Syntax parsing in Tcl

Richard Suchenwirth 2001-05-28 - The following will look immediately familiar to friends of formal syntax:

 set rules {
    s  {np vp}
    np {det n}
    np {npr}
    np {det adj n}
    vp {vi}
    vp {vt np}
    det "the"
    n   "dog"
    n   "man"
    npr "John"
    adj "lazy"
    adj "old"
    vi  "walks"
    vt  "feeds"
 }

(VL 11 jun - yes for the ps-freaks ps as in phrase structure rules not postscript... ;-) )

... a small grammar of English, consisting of substitution/expansion rules, and a minimal "dictionary". To apply this syntax to test sentences, the following minimal parser (which takes the term "substitution rules" literally with regsub) is sufficient:

 proc parse0 {s rules} {
    set fired 1; set s " $s "
    while {$fired} {
        set fired 0
        foreach {lhs rhs} $rules {
            incr fired [regsub -all " $rhs " $s " $lhs " s]
        }
    }
    set s
 }

It tries to repeatedly apply all rules until none fires any more, and returns the remaining list. If that equals s, the input was a well-formed sentence (according to the syntax).

Lars H (11 Jun 2003): How about using [string map] instead of [regsub]? That is much faster for fixed string replacements. It requires some preprocessing of the rules, though. - RS: wrote this years ago when I could not rely on string map being available on all my boxes - and speed is not the worry of this little plaything ;-)

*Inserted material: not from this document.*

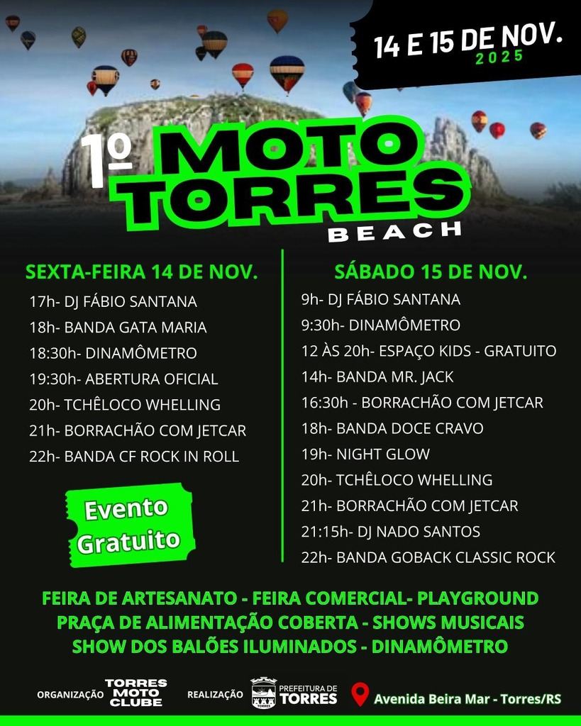 Entre as atrações confirmadas estão as apresentações radicais do grupo Tchê Loco Wheeling, o já tradicional borrachão com JetBlack, e o emocionante Night Glow, que trará balões iluminados colorindo o céu de Torres em um espetáculo visual imperdível.

More elaborated, we want to see what tree structure is parsed out of an input. This requires slightly more work:

 proc skim L {
    # returns all first elements of a list of lists
    set res [list]
    foreach i $L {lappend res [lindex $i 0]}
    set res
 }
 proc lmatch {list sublist} {
    # returns start and end positions of first occurrence of sublist in
    # list, or an empty list if not found
    set lsub [llength $sublist]
    for {set i 0} {$i<=[llength $list]-$lsub} {incr i} {
        set to [expr {$i+$lsub-1}]
        if {[lrange $list $i $to]==$sublist} {
            return [list $i $to]
        }
    }
    return {}
 }
 ######## enhanced parser, returns parse tree list
 proc parse1 {s rules} {
    set fired 1
    while {$fired} {
        set fired 0
        foreach {lhs rhs} $rules {
            if [llength [set t [lmatch [skim $s] $rhs]]] {
                foreach {from to} $t break
                set s [lreplace $s $from $to \
                        [eval list $lhs [lrange $s $from $to]]]
                incr fired
            }
        }
    }
    set s
 }

Of course, these micro-parsers have severe limitations: they can't detect ambiguities (like in He saw the man with the binoculars; but you also cannot express that "walks" can be intransitive (vi) or transitive (vt, "John walks the dog"), and the order of rules matters. But they are a nice starting point for syntax experiments (maybe one other weekend, the parse trees need some visualisation on a canvas...) - May 28,2001: Done - see Simple tree layout RS


AK -- With respect to working with trees I recommend to use the tree structure in tcllib. Working with that should be easier than direct manipulation of nested lists. It especially makes additional treewalks for modification of a syntax tree much easier. For visualization see VCG and other layouting tools (most are not Tk based).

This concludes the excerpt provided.